> Exercise brief: Below are records that contain pictures; transcribe the text exactly and omit the pictures.

> Entries shown:
*** Block opens ***

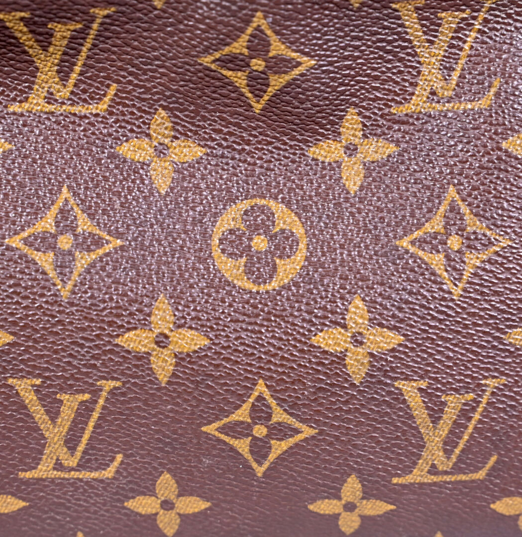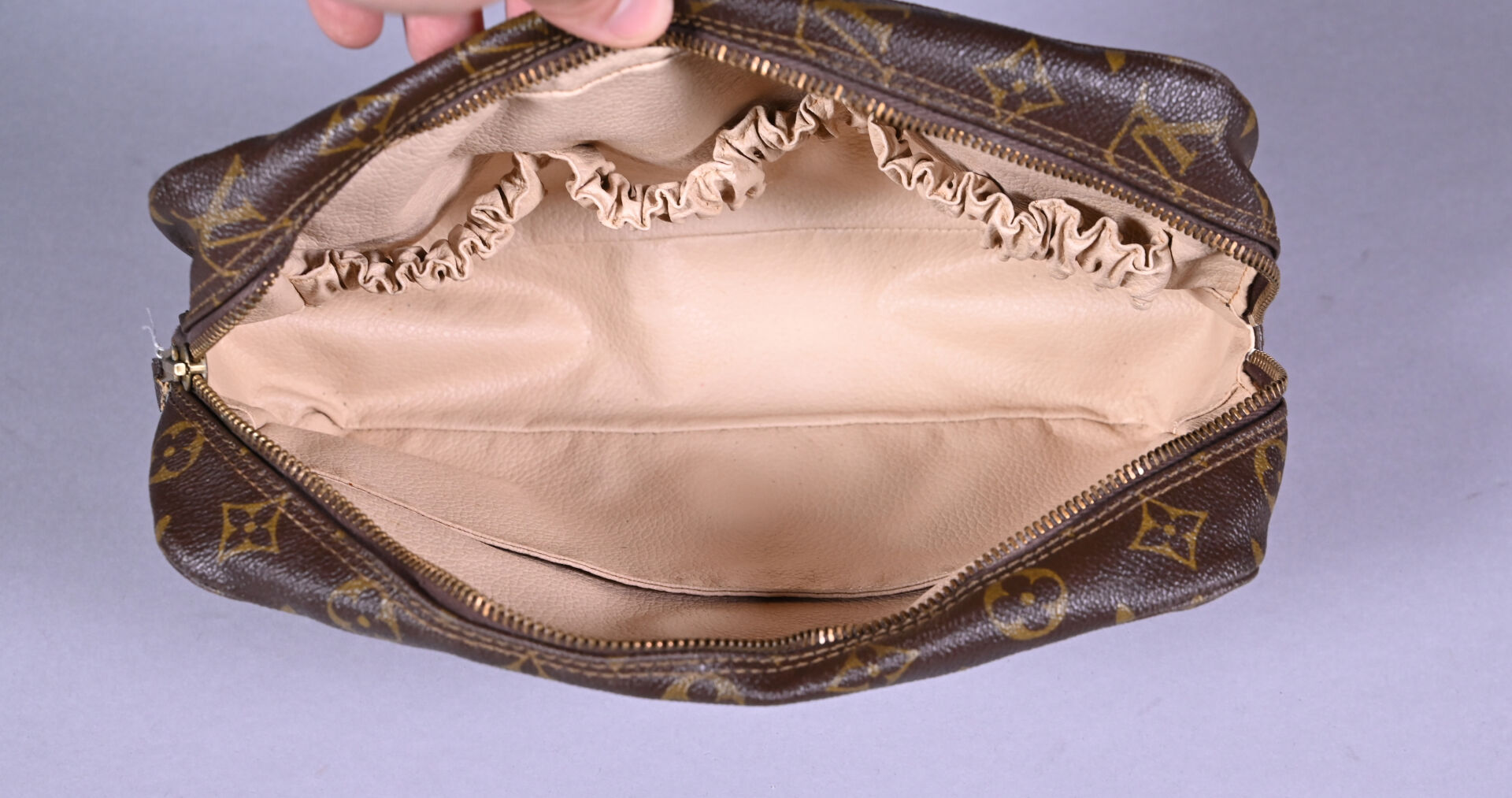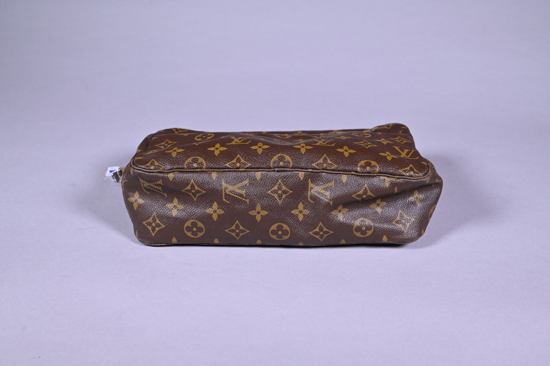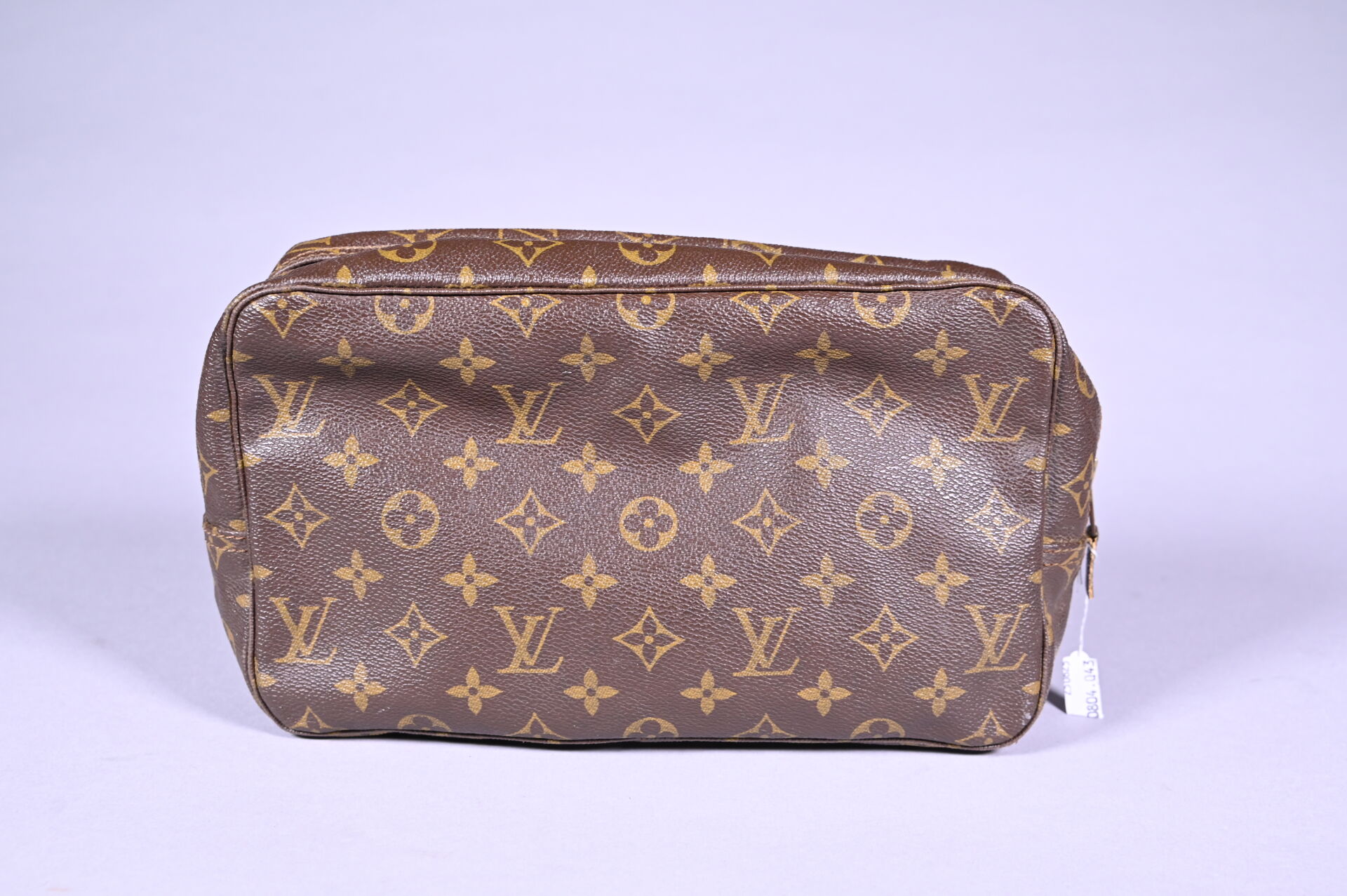 LOUIS VUITTON. Trousse de toilette en toile enduite monogram. Intérieur en cuir beige (quelques usures). Vers 1970/1980 ? Haut. : 17 cm – Larg. : 32 cm – Prof. : 8 cm.
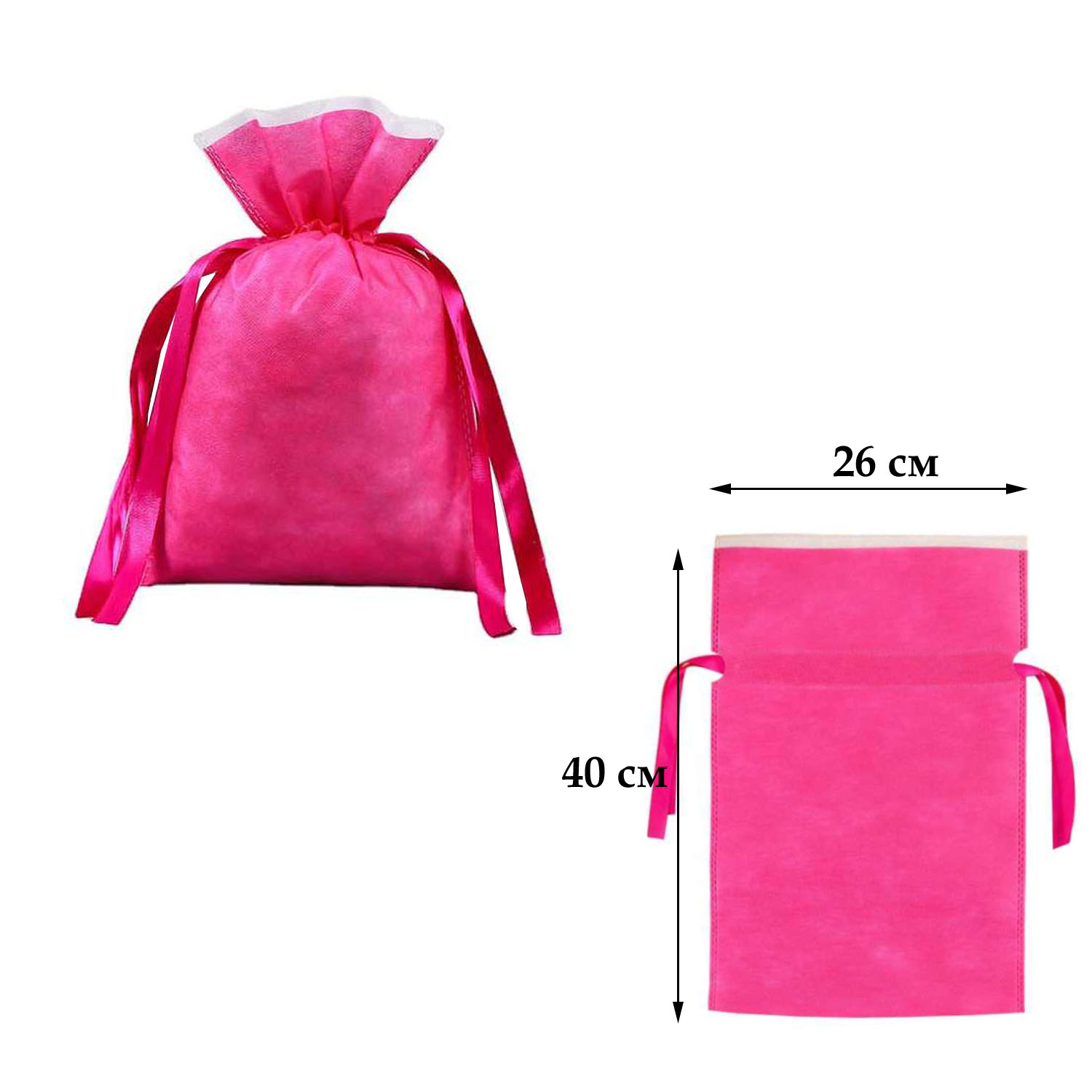 Мешочек из спанбонда, размером 40х26см, с ленточками, подходит для многоразового использования. Плотность материала: 55 г/м².
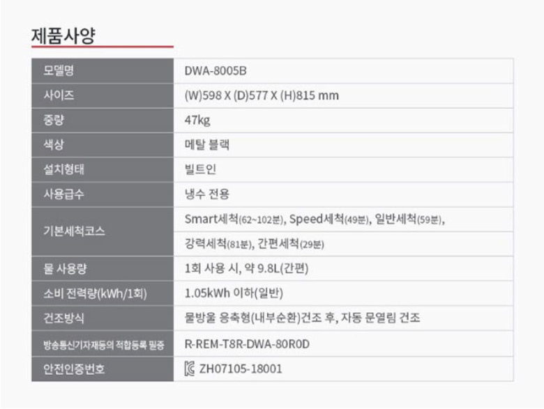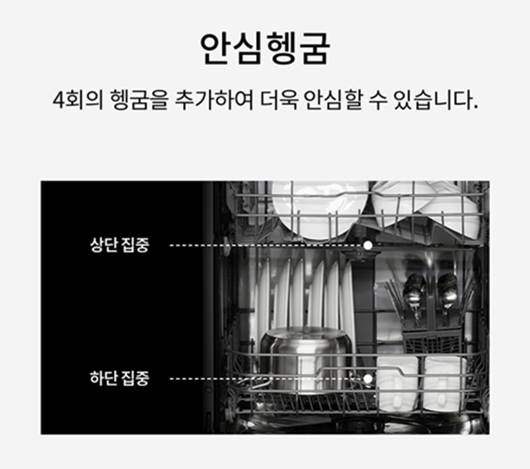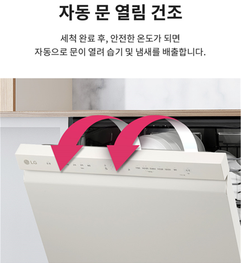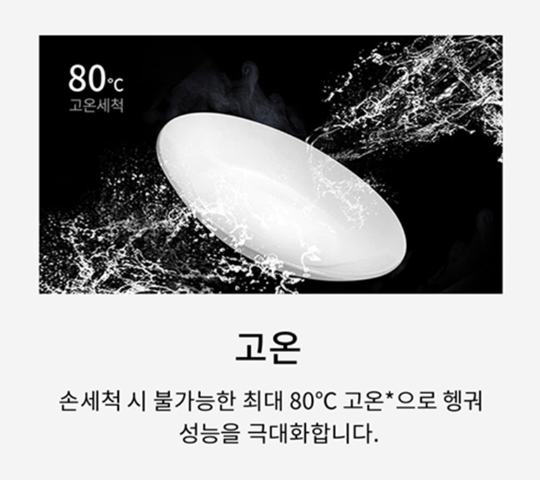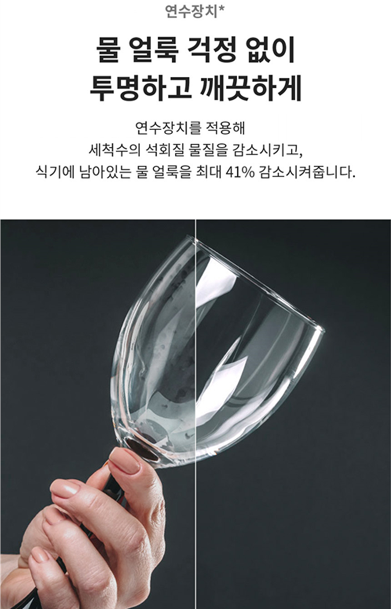 설거지 후에는 물얼룩 자국이 남아 고민인데요. 이 제품은 연수기능을 통해 최대 41%까지 물얼룩을 감소시켜줍니다. 또한 세척 후에는 자동으로 문이 열려 습기와 냄새를 매출합니다. 80도 고온 헹굼기능이 있고 4회까지 헹굼을 추가할 수 있습니다.
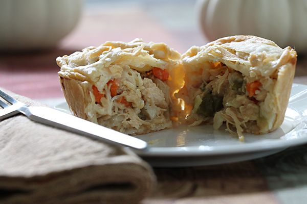 I decided to play with my food this time and am happy that I did! I bought a jumbo muffin tin, first having inspiration for individual egg casseroles, and decided to try it for individual pot pies that can be frozen. It worked amazingly well! It was so easy to quickly reheat them in the microwave.
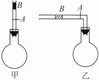 。(4)如果将该直管折成直角弯管,如图乙,其他条件保持不变,那么 $ B $ 处标记的温度值将
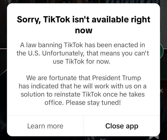 در بیانیه تیکتاک آمده است: «متأسفانه قانون ممنوعیت (فعالیت) تیک تاک در آمریکا اجرایی شد و این یعنی هماکنون شما نمیتوانید از تیکتاک استفاده کنید.»

*** Block closes ***

> Response area:
 LOUIS VUITTON. Trousse de toilette en toile enduite monogram. Intérieur en cuir beige (quelques usures). Vers 1970/1980 ? Haut. : 17 cm – Larg. : 32 cm – Prof. : 8 cm.
 Мешочек из спанбонда, размером 40х26см, с ленточками, подходит для многоразового использования. Плотность материала: 55 г/м².
 설거지 후에는 물얼룩 자국이 남아 고민인데요. 이 제품은 연수기능을 통해 최대 41%까지 물얼룩을 감소시켜줍니다. 또한 세척 후에는 자동으로 문이 열려 습기와 냄새를 매출합니다. 80도 고온 헹굼기능이 있고 4회까지 헹굼을 추가할 수 있습니다.
 I decided to play with my food this time and am happy that I did! I bought a jumbo muffin tin, first having inspiration for individual egg casseroles, and decided to try it for individual pot pies that can be frozen. It worked amazingly well! It was so easy to quickly reheat them in the microwave.
 。(4)如果将该直管折成直角弯管,如图乙,其他条件保持不变,那么 $ B $ 处标记的温度值将
 در بیانیه تیکتاک آمده است: «متأسفانه قانون ممنوعیت (فعالیت) تیک تاک در آمریکا اجرایی شد و این یعنی هماکنون شما نمیتوانید از تیکتاک استفاده کنید.»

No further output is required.